-- Assignment --
A copy of the listing below is needed, exact in every line and without images.

-- Dataset section --
⟨

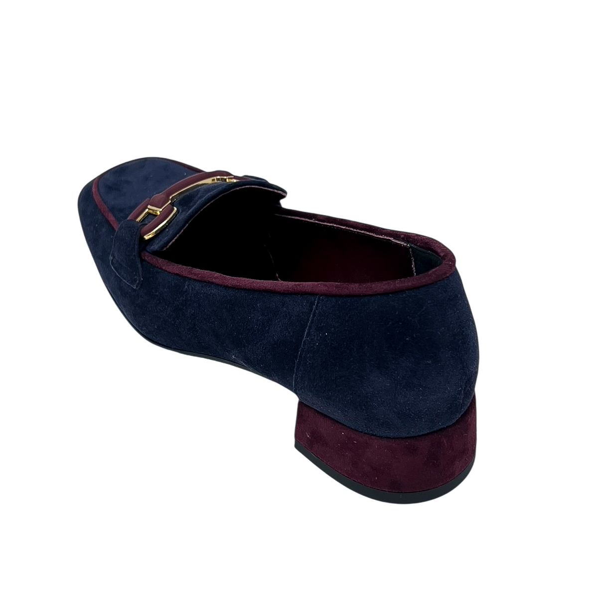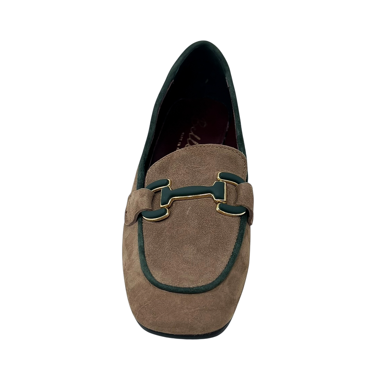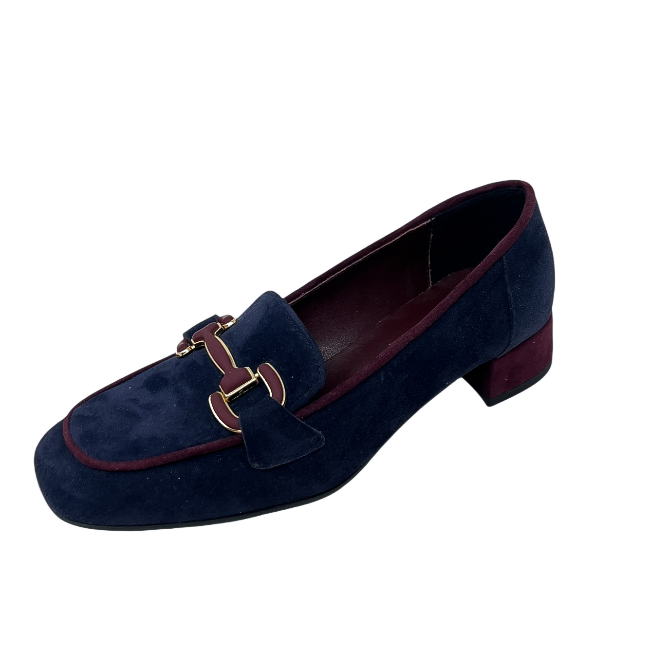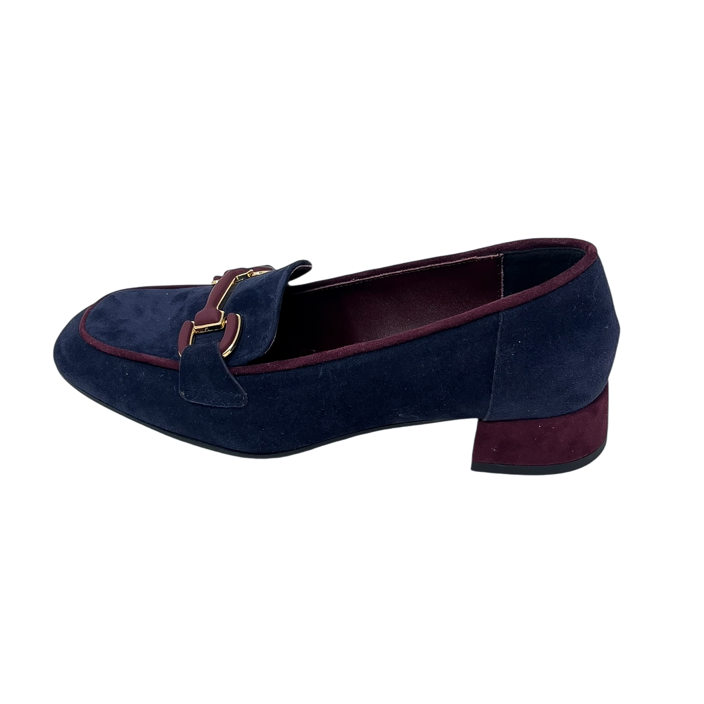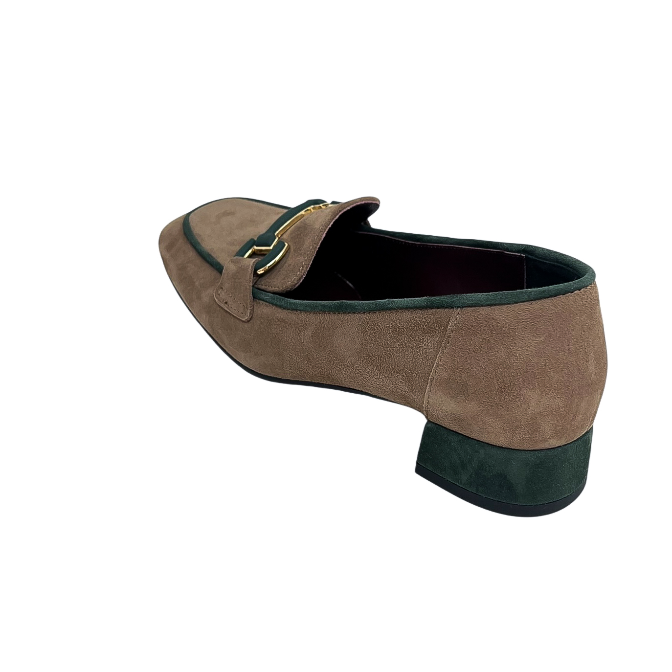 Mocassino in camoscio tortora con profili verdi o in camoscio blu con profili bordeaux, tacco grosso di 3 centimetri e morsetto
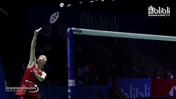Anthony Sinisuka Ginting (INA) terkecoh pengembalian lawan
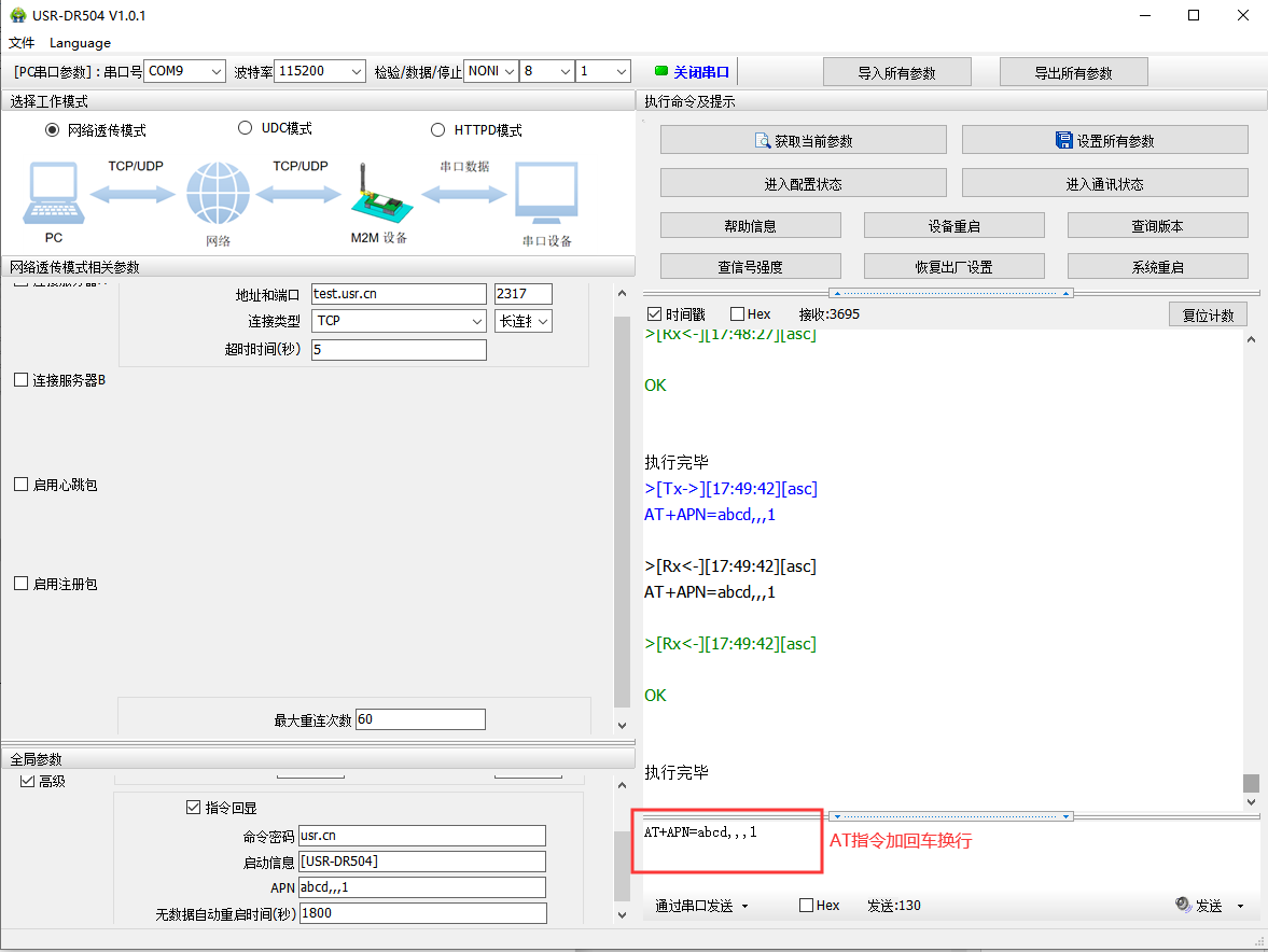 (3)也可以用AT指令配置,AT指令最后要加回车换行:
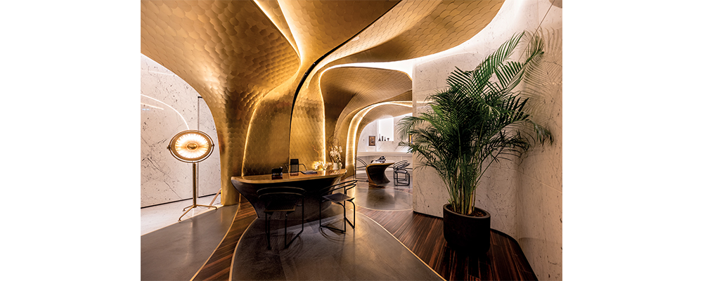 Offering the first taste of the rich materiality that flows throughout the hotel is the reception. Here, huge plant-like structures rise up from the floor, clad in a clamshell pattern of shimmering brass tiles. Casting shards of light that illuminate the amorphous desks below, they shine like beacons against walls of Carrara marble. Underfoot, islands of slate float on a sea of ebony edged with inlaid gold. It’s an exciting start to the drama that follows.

⟩

-- Response to this task --
 Mocassino in camoscio tortora con profili verdi o in camoscio blu con profili bordeaux, tacco grosso di 3 centimetri e morsetto
Anthony Sinisuka Ginting (INA) terkecoh pengembalian lawan
 (3)也可以用AT指令配置,AT指令最后要加回车换行:
 Offering the first taste of the rich materiality that flows throughout the hotel is the reception. Here, huge plant-like structures rise up from the floor, clad in a clamshell pattern of shimmering brass tiles. Casting shards of light that illuminate the amorphous desks below, they shine like beacons against walls of Carrara marble. Underfoot, islands of slate float on a sea of ebony edged with inlaid gold. It’s an exciting start to the drama that follows.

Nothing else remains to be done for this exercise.